Recorded data
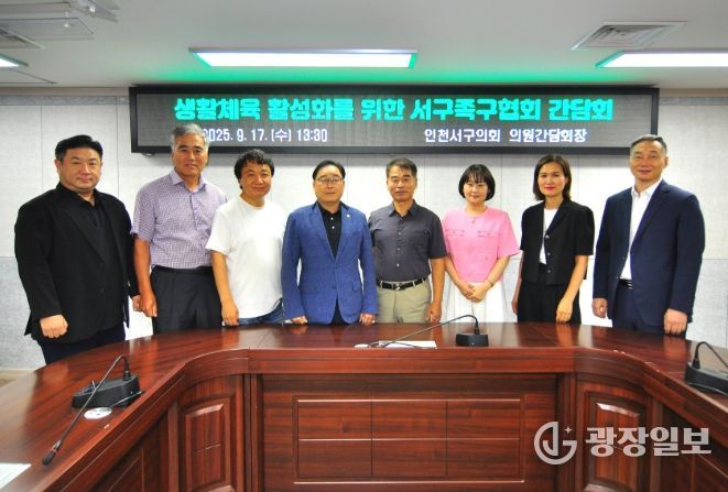 광장일보 주재영 기자 | 인천 서구의회 김춘수 의원(더불어민주당, 연희 검암경서동)은 지난 17일 서구체육회 족구협회[연맹] 회장단과 만나 생활체육 활성화를 위한 간담회를 가졌다고 밝혔다.
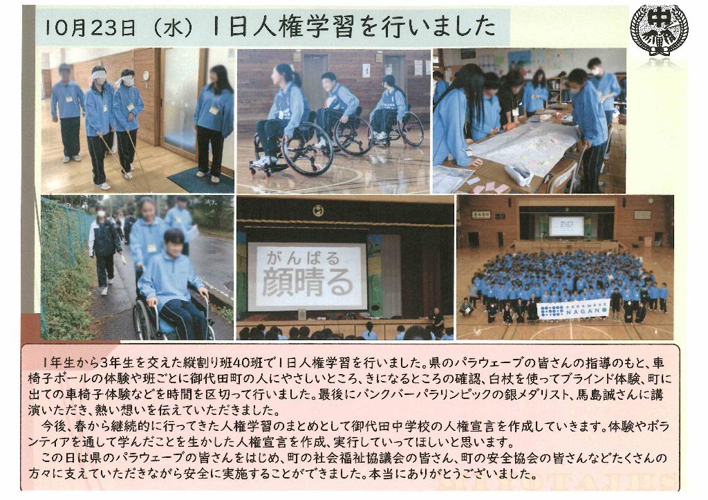 【中学校より】今回は、すべての町民が安心安全に活用できるまちづくりの一環として、町の安全でない場所を…
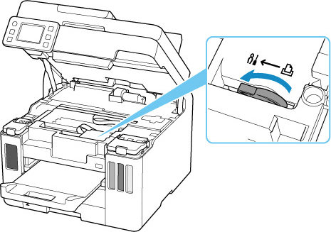 Închideţi supapa de cerneală înclinând pârghia supapei de cerneală complet spre stânga.
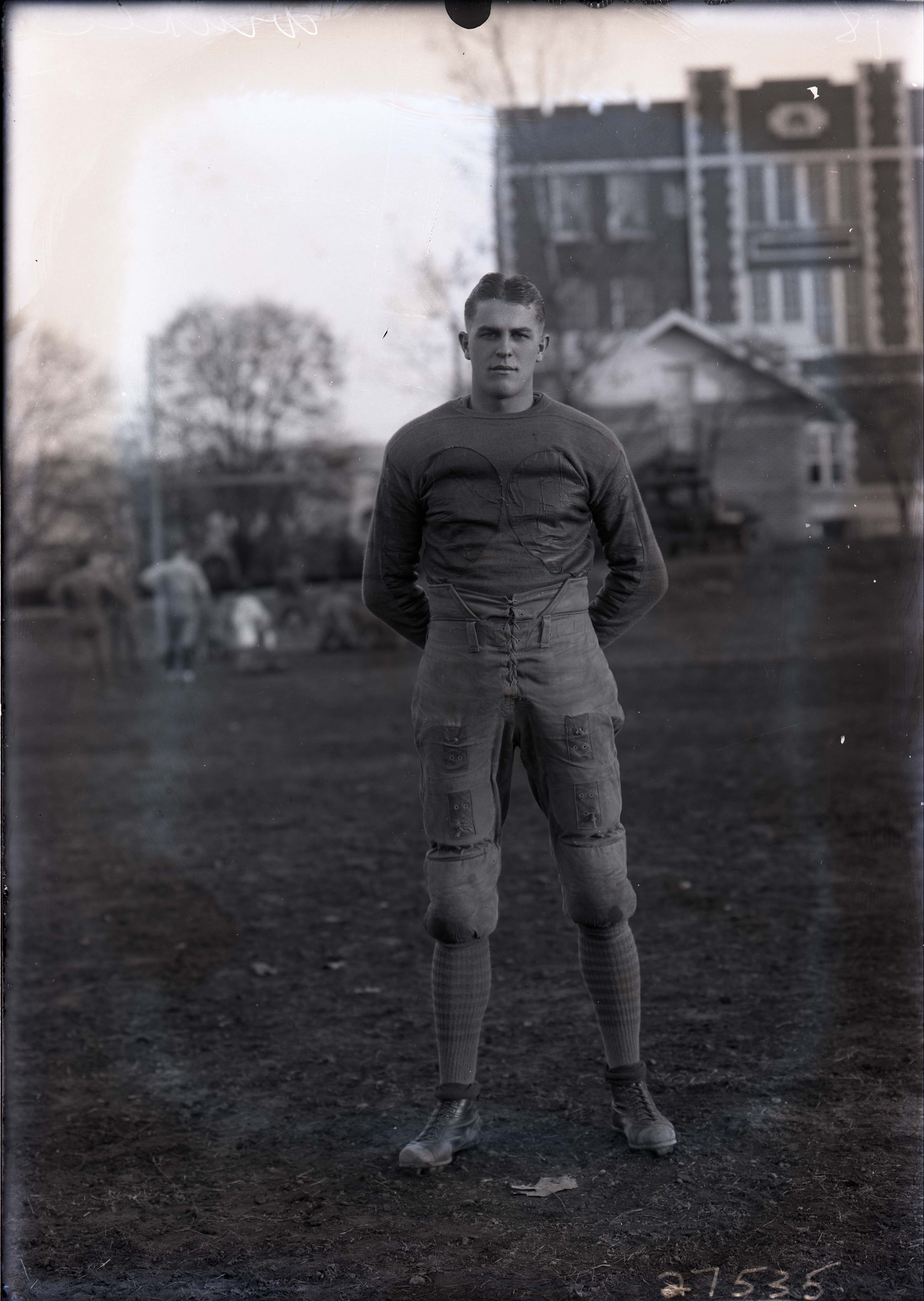 Winkel was a cadet at Massanutten Military Academy (MMA) and is wearing his school's football team uniform. He is standing in a field with campus buildings behind him.
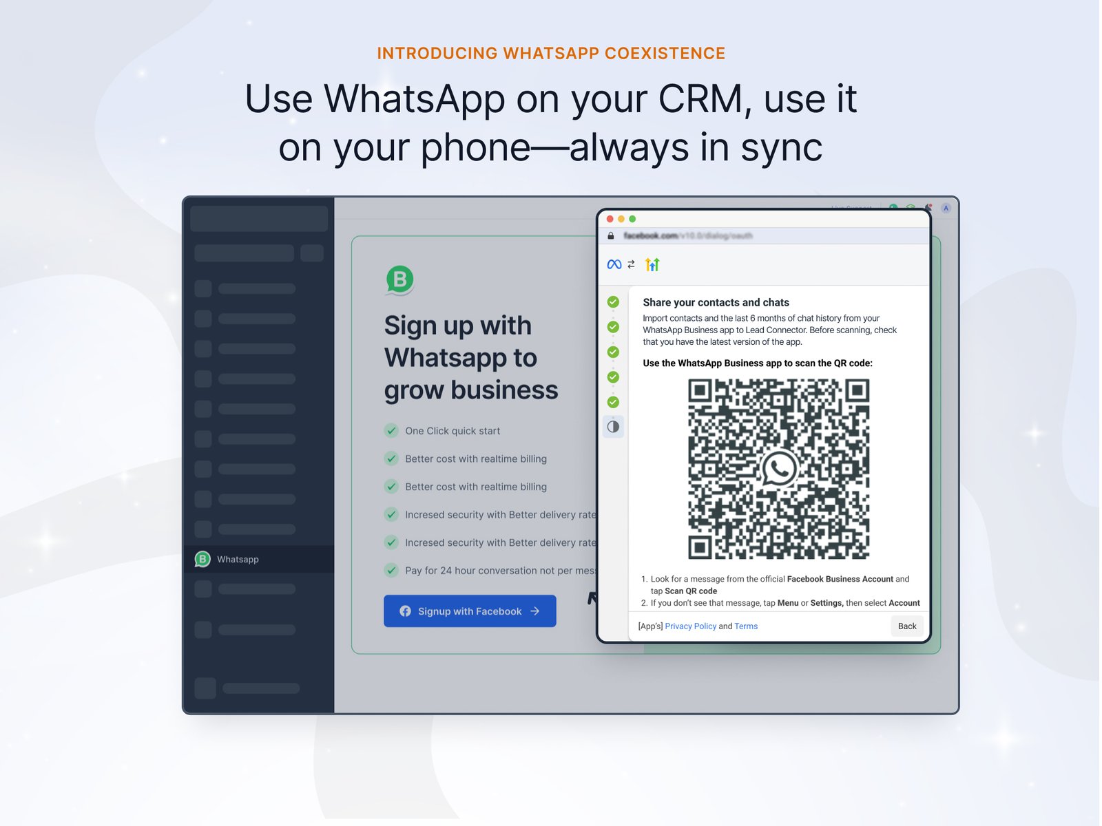 The WhatsApp Coexistence feature allows businesses to use their existing WhatsApp Business App account with LeadConnector’s advanced CRM tools powered by WhatsApp Cloud API.

**Task item**
Quote every entry exactly, with the pictures omitted.

**Reply**
 광장일보 주재영 기자 | 인천 서구의회 김춘수 의원(더불어민주당, 연희 검암경서동)은 지난 17일 서구체육회 족구협회[연맹] 회장단과 만나 생활체육 활성화를 위한 간담회를 가졌다고 밝혔다.
 【中学校より】今回は、すべての町民が安心安全に活用できるまちづくりの一環として、町の安全でない場所を…
 Închideţi supapa de cerneală înclinând pârghia supapei de cerneală complet spre stânga.
 Winkel was a cadet at Massanutten Military Academy (MMA) and is wearing his school's football team uniform. He is standing in a field with campus buildings behind him.
 The WhatsApp Coexistence feature allows businesses to use their existing WhatsApp Business App account with LeadConnector’s advanced CRM tools powered by WhatsApp Cloud API.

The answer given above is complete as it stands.